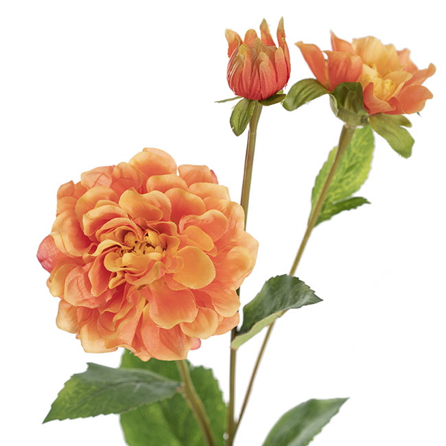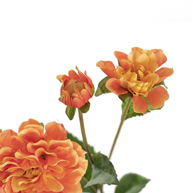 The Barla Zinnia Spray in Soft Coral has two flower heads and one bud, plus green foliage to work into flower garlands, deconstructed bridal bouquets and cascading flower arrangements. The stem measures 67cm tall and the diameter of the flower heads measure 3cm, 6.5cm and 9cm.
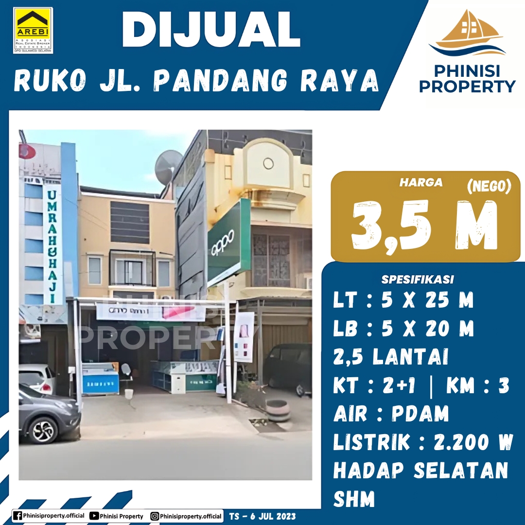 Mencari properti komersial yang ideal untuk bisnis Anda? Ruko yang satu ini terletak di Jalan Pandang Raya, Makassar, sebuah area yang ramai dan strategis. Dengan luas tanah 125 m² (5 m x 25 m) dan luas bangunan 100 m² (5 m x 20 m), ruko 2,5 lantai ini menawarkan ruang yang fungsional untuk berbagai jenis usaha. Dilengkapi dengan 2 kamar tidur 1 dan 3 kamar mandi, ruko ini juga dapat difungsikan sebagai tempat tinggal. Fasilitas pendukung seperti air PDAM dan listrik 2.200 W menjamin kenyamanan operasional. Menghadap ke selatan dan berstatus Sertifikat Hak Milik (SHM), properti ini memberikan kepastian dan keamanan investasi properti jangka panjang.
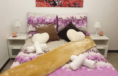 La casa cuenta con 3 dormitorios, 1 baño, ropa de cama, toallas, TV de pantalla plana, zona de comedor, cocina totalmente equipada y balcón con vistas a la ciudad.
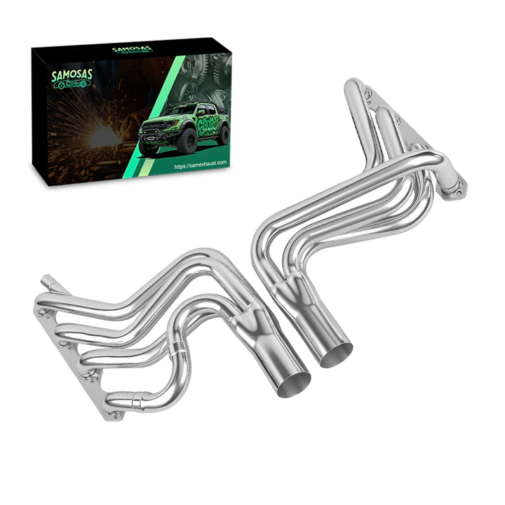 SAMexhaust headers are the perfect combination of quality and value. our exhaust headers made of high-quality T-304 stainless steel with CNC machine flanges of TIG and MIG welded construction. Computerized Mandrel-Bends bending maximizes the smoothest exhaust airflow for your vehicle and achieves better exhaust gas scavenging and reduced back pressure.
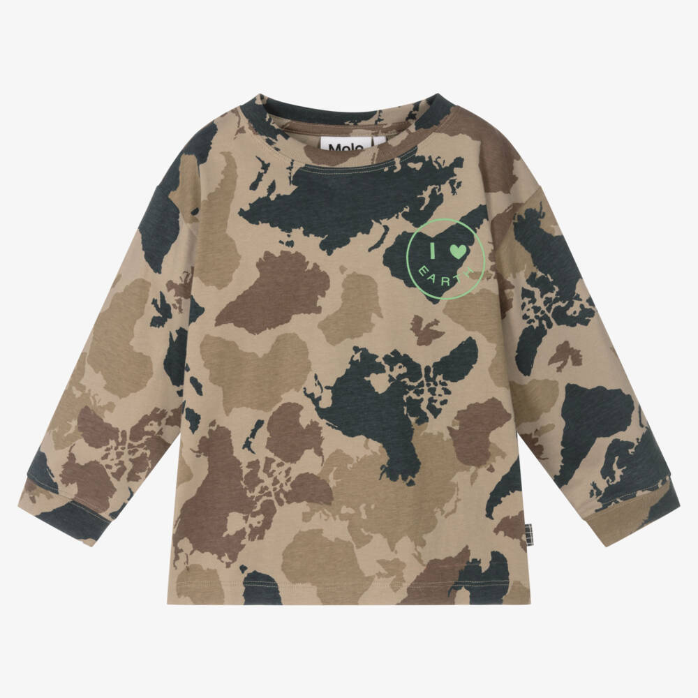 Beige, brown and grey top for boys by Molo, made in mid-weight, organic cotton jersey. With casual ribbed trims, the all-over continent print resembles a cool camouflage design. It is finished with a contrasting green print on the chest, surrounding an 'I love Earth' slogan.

#### Activity:
Retyping should start at the first line of the data above and stop after the line with "La casa cuenta", and no picture should be included.

#### Your solution:
 The Barla Zinnia Spray in Soft Coral has two flower heads and one bud, plus green foliage to work into flower garlands, deconstructed bridal bouquets and cascading flower arrangements. The stem measures 67cm tall and the diameter of the flower heads measure 3cm, 6.5cm and 9cm.
 Mencari properti komersial yang ideal untuk bisnis Anda? Ruko yang satu ini terletak di Jalan Pandang Raya, Makassar, sebuah area yang ramai dan strategis. Dengan luas tanah 125 m² (5 m x 25 m) dan luas bangunan 100 m² (5 m x 20 m), ruko 2,5 lantai ini menawarkan ruang yang fungsional untuk berbagai jenis usaha. Dilengkapi dengan 2 kamar tidur 1 dan 3 kamar mandi, ruko ini juga dapat difungsikan sebagai tempat tinggal. Fasilitas pendukung seperti air PDAM dan listrik 2.200 W menjamin kenyamanan operasional. Menghadap ke selatan dan berstatus Sertifikat Hak Milik (SHM), properti ini memberikan kepastian dan keamanan investasi properti jangka panjang.
 La casa cuenta con 3 dormitorios, 1 baño, ropa de cama, toallas, TV de pantalla plana, zona de comedor, cocina totalmente equipada y balcón con vistas a la ciudad.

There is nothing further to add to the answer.